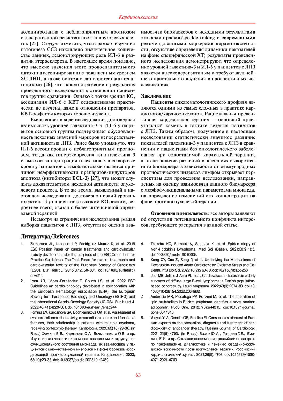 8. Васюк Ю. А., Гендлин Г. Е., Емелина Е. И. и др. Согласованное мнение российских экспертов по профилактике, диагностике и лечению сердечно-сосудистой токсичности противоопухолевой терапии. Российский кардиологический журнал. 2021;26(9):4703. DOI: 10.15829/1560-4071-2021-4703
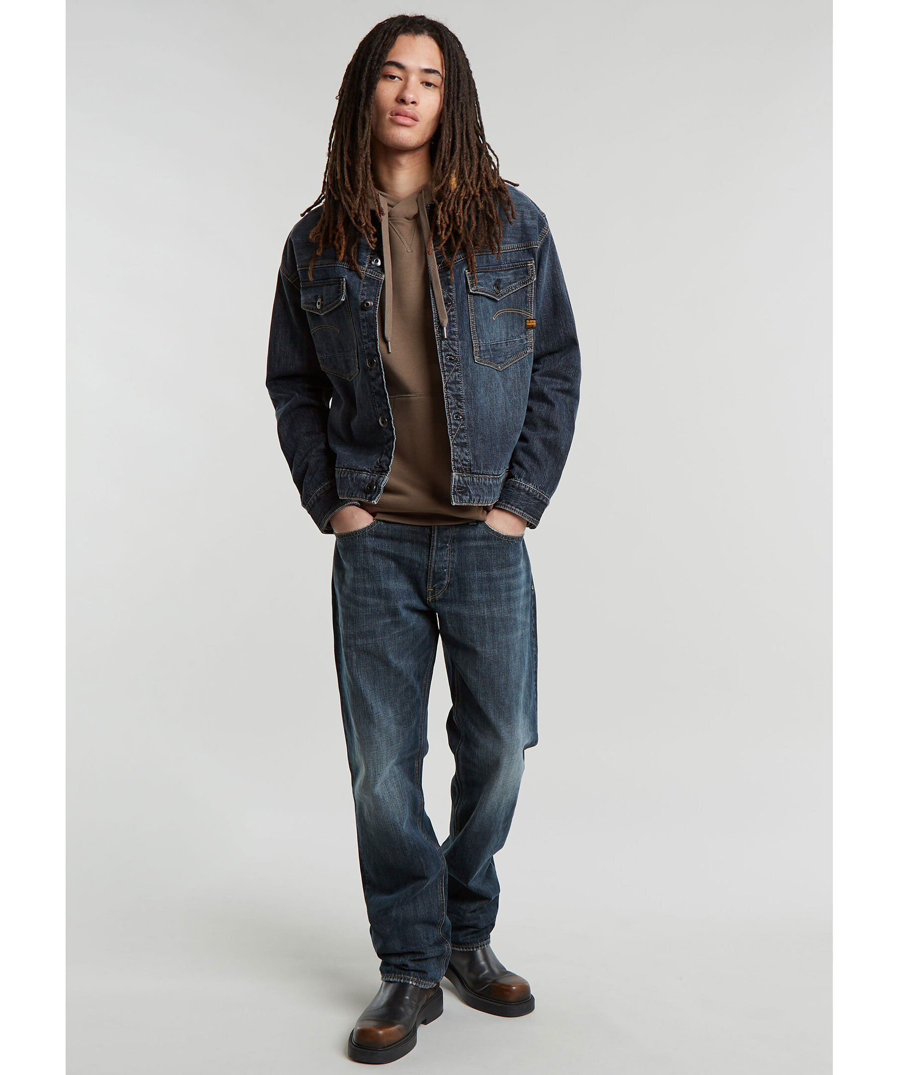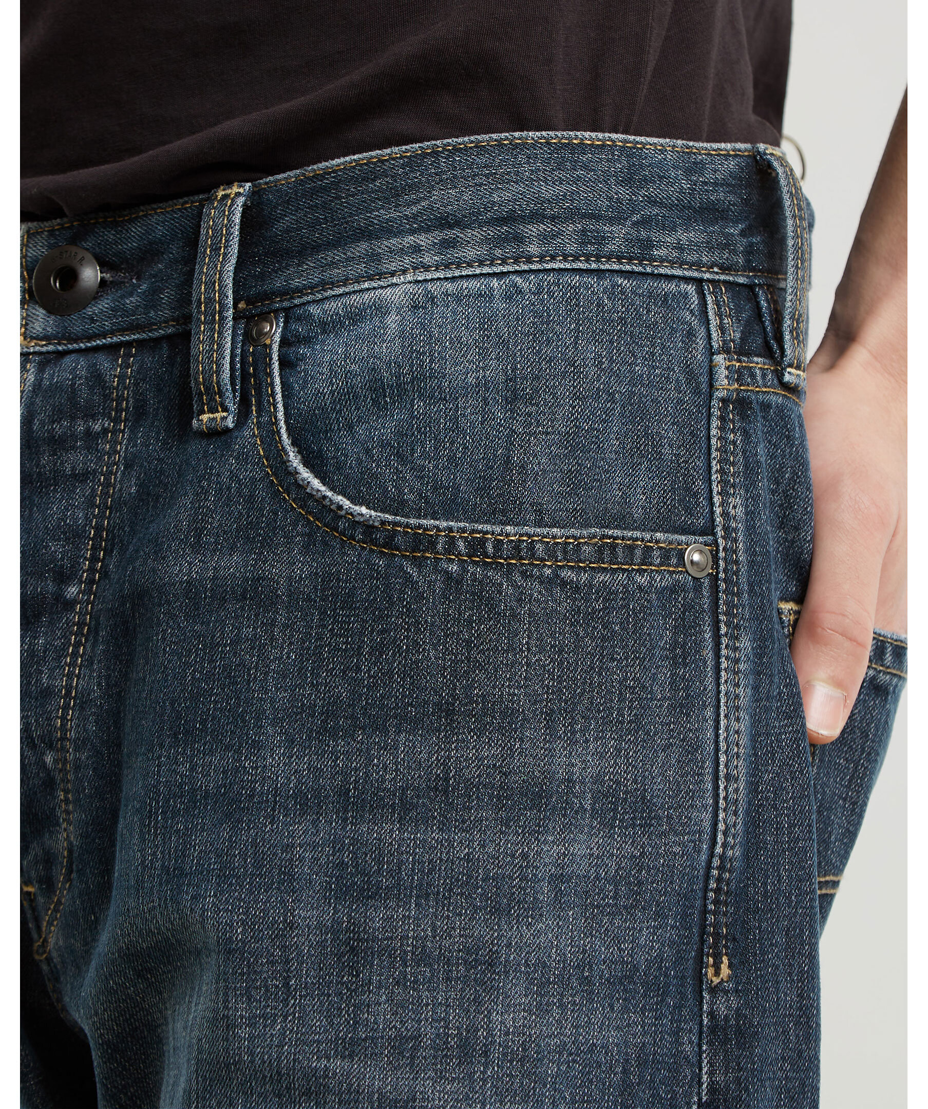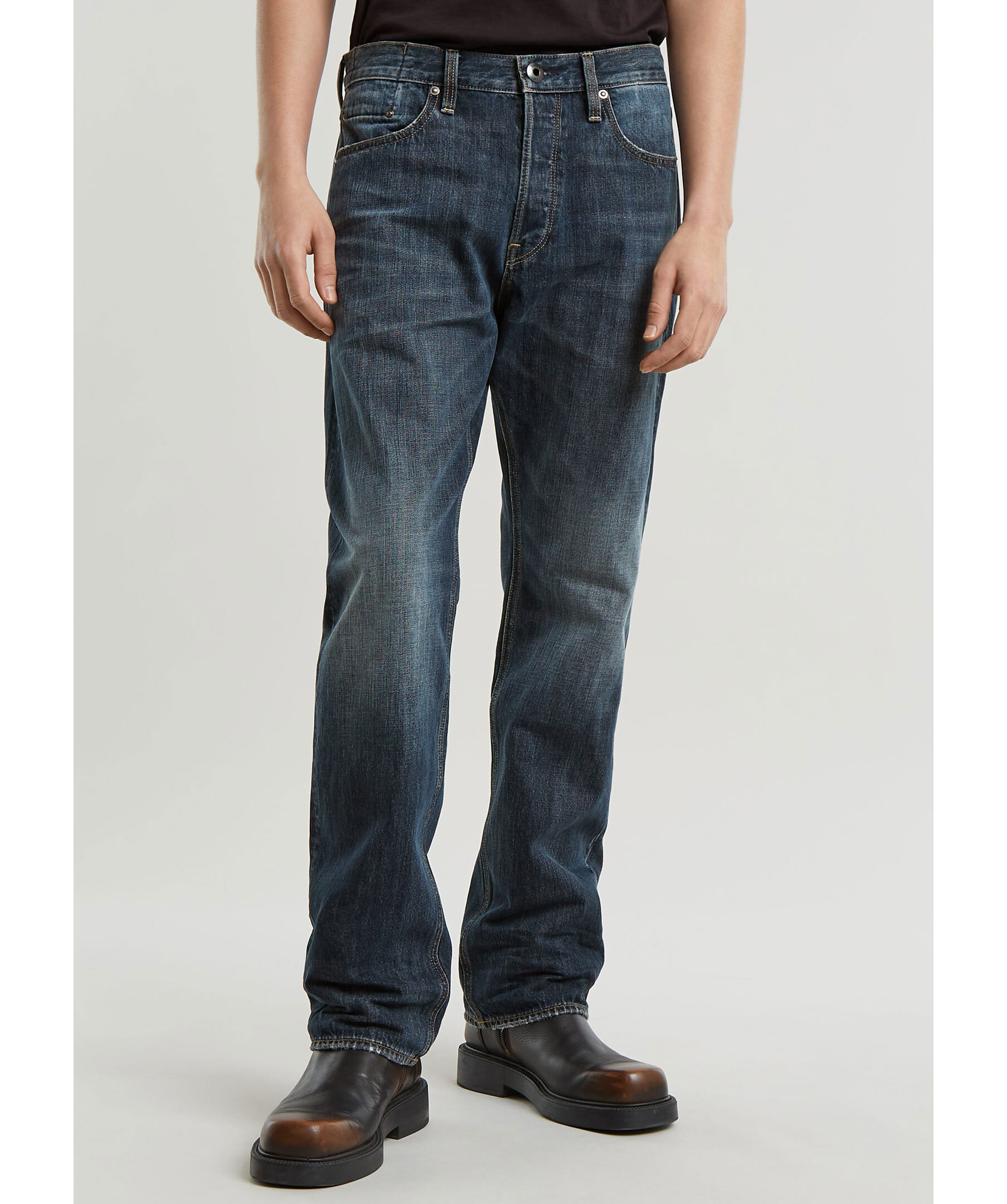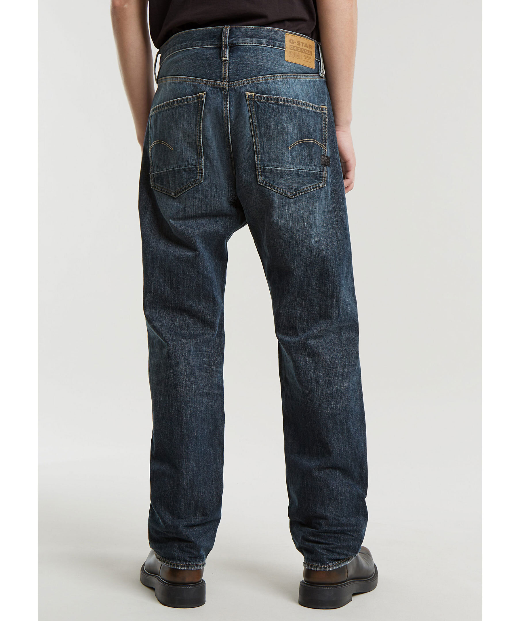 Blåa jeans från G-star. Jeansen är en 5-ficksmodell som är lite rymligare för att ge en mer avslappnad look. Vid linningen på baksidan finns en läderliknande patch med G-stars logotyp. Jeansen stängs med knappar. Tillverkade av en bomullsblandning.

☆ ☆ ☆ ☆

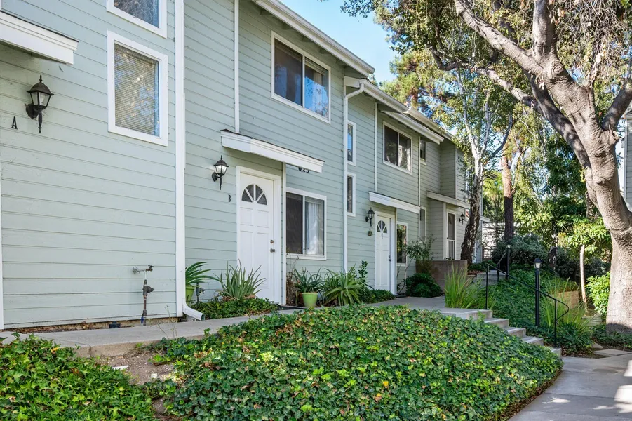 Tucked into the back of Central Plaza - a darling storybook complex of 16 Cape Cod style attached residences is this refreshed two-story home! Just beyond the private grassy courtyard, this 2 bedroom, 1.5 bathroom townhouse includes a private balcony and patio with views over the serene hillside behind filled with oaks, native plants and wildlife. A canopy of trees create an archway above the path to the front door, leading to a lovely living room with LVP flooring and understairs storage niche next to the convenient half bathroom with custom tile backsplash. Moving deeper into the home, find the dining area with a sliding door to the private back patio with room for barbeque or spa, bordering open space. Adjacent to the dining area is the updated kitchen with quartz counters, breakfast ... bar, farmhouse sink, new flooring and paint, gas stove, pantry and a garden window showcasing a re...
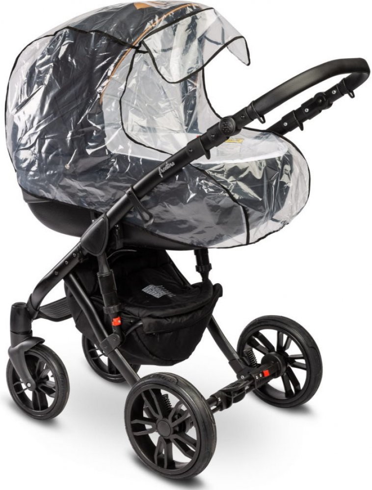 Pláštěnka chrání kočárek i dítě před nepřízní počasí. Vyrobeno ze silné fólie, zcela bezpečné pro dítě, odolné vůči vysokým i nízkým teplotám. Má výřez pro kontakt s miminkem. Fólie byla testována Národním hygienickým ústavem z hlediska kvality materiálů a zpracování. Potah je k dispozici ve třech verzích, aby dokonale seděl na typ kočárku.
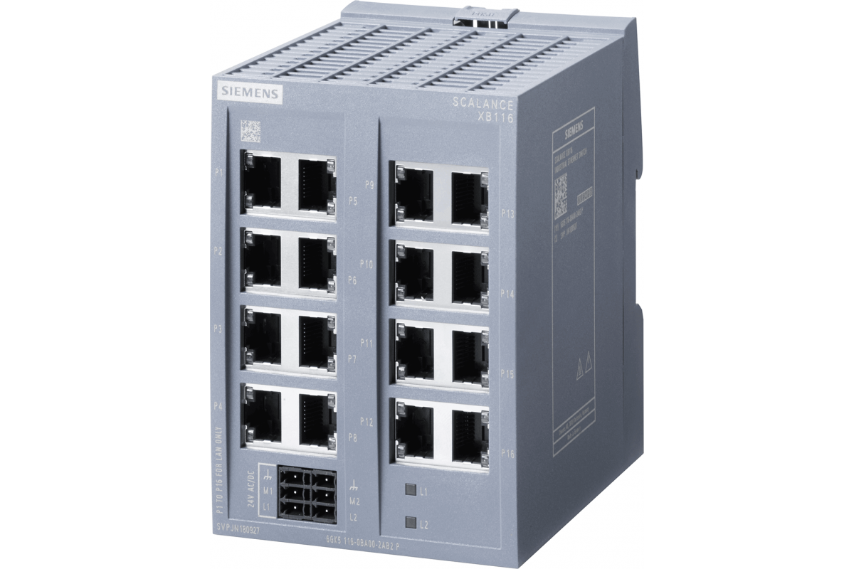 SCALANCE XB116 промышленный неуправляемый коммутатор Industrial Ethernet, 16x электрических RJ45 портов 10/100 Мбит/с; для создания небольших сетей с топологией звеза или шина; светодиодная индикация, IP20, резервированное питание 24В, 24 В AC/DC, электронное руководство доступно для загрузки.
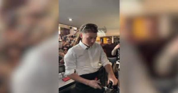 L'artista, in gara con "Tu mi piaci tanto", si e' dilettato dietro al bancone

☆ ☆ ☆ ☆

Please print the lines above word for word, starting at the one with "8. Васюк Ю." and ending at the one with "Blåa jeans från", both included, and without any picture.

 8. Васюк Ю. А., Гендлин Г. Е., Емелина Е. И. и др. Согласованное мнение российских экспертов по профилактике, диагностике и лечению сердечно-сосудистой токсичности противоопухолевой терапии. Российский кардиологический журнал. 2021;26(9):4703. DOI: 10.15829/1560-4071-2021-4703
 Blåa jeans från G-star. Jeansen är en 5-ficksmodell som är lite rymligare för att ge en mer avslappnad look. Vid linningen på baksidan finns en läderliknande patch med G-stars logotyp. Jeansen stängs med knappar. Tillverkade av en bomullsblandning.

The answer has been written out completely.